The penalty is that a C (or MSVC C++ for Windows) compiler is required to build the package from source.

**Warning: this is for Python >=3.8 only.**

Documentation is provided at https://teos-10.github.io/GSW-Python/.

For the core functionality, we use an auto-generated C extension
module to wrap the C functions as numpy [ufuncs](https://docs.scipy.org/doc/numpy/reference/ufuncs.html),
and then use an autogenerated Python module to add docstrings and handle masked arrays.
165 scalar C functions with only double-precision arguments and return values are wrapped as ufuncs,
and 158 of these are exposed in the ``gsw`` namespace with an additional wrapper in Python.

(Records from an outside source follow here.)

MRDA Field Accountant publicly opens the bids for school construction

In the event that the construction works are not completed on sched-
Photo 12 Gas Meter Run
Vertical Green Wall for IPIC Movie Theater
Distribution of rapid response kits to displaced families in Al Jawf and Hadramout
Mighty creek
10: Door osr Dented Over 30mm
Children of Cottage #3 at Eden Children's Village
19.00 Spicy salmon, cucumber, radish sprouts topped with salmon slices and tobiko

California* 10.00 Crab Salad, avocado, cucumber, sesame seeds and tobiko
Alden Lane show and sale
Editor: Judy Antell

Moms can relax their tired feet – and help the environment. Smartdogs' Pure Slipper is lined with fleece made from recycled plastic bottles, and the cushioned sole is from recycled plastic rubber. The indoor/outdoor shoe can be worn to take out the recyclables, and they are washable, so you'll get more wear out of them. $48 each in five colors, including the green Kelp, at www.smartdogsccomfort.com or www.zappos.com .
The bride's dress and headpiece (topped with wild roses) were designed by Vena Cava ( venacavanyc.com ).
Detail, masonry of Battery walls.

A hand-written wrapper is used for one C function, and others are re-implemented directly in Python instead of being wrapped.
Additional functions present in GSW-Matlab but not in GSW-C may be re-implemented in Python,
but there is no expectation that all such functions will be provided.

## Installation

Pip users can install the pre-built wheels with:

```shell
pip install gsw
```

conda users will find binaries on conda-forge,

```shell
conda install gsw --channel conda-forge
```

The development version of the package can be installed from a clone of the repo using

```shell
pip install .
```

It is neither necessary nor recommended to run the code generators,
and no instructions are provided for them;
their output is included in the repo.
You will need a suitable compiler:
gcc or clang for unix-like systems,
or the MSVC compiler set used for Python itself on Windows.
For Windows, some of the source code has been modified to C++ because the MSVC C compiler does not support the
C99 complex data type used in original GSW-C.

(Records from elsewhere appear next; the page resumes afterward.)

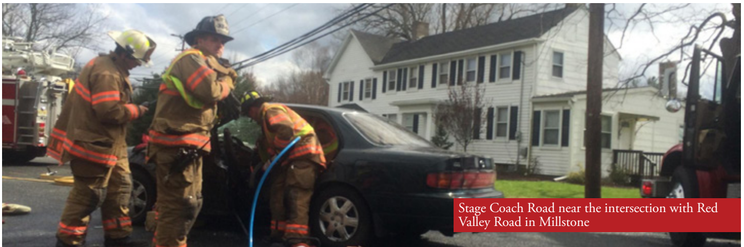
Stage Coach Road near the intersection with Red Valley Road in Millstone

Registered voters may apply to vote by mail for any reason. Applications can be picked up at the County Clerk's office or found at www.monmouthcountylvotes.com . Applications must be received by mail one week prior to the election. Voters may also apply in person at the County Clerk's office up until 3 p.m. the day before the election.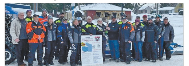
The Merrill Area Chamber of Commerce came out to greet the Badger State Games Torch Tour on its stop at DuWayne Kreager Insurance in Merrill on Jan. 13, 2022.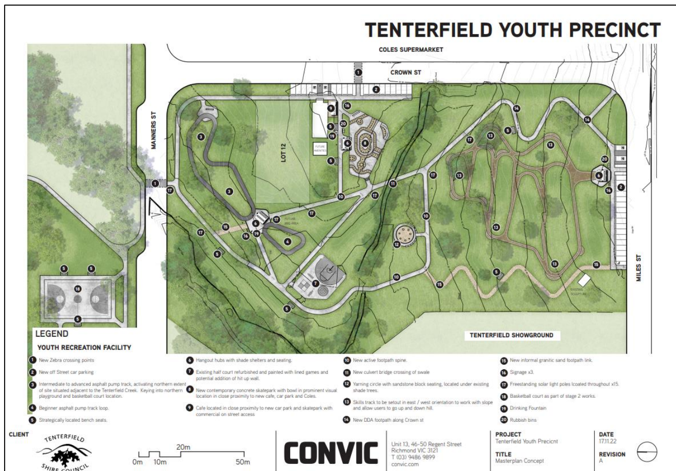
Image 1 - Convic Masterplan Concept Design

Tenterfield Shire Council has partnered with leading skate and youth precinct company, Convic, for the development and construction of the Tenterfield Youth Precinct and Mountain Bike Trailhead.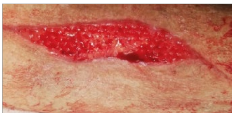
Figure 6. End of evaluation (NPWT discontinuation following 2 weeks of PICO™ sNPWT)

With each regular patient visit, the exudate level and wound cavity size decreased, indicating that the use of RENASYS™ tNPWT and PICO™ sNPWT had significantly accelerated the healing process. The patient had comorbidities and an initial poor general condition, but she felt no pain during her treatment with NPWT and was relieved that she didn't need surgery or any other alternative procedures e.g. skin grafts.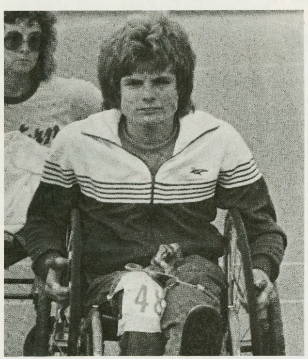
A member of the Texas team readies for the race.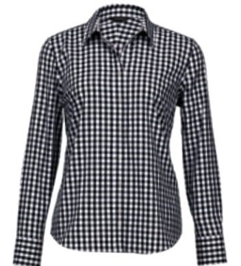
TAPERED FIT SHIRTS Slightly slimmer silhouette for a more tailored fit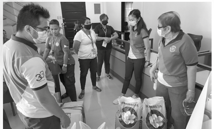
1st Quarter Rice & Grocery Distribution Religious Missionary of Divine Savior & Bahay Pag-asa (February 26, 2021)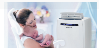
Quiet Operation - Between 51 to 53 dbA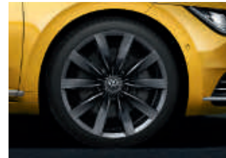
'Chennai Adamantium' 19" alloy wheels (Elegance - optional)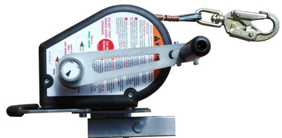
60005 Tuff 30m Man Riding Winch

To test, after installation, run "pytest" from the source directory.

## Citation

If you use GSW-Python, please cite: McDougall, T.J. and P.M. Barker, 2011: Getting started with TEOS-10 and the Gibbs Seawater (GSW) Oceanographic Toolbox, 28pp., SCOR/IAPSO WG127, ISBN 978-0-646-55621-5

```bibtex
@book{mcdougall2011getting,
author = {McDougall, T. J. and Barker, P. M.},
title = {Getting started with TEOS-10 and the Gibbs Seawater (GSW) Oceanographic Toolbox},
year = {2011},
pages = {28},
publisher = {SCOR/IAPSO WG127},
isbn = {978-0-646-55621-5}
}
```

## Note for xarray users

A wrapper around gsw called [gsw-xarray](https://github.com/DocOtak/gsw-xarray) exists for xarray.
It adds CF compliant attributes when possible, units, and name.

## Note on generating the docstrings

The autogenerated docstrings are checked with codespell in the CIs.
when autogenerating them we need to run ``pre-commit run --all-files`` and fix the documentation issues found.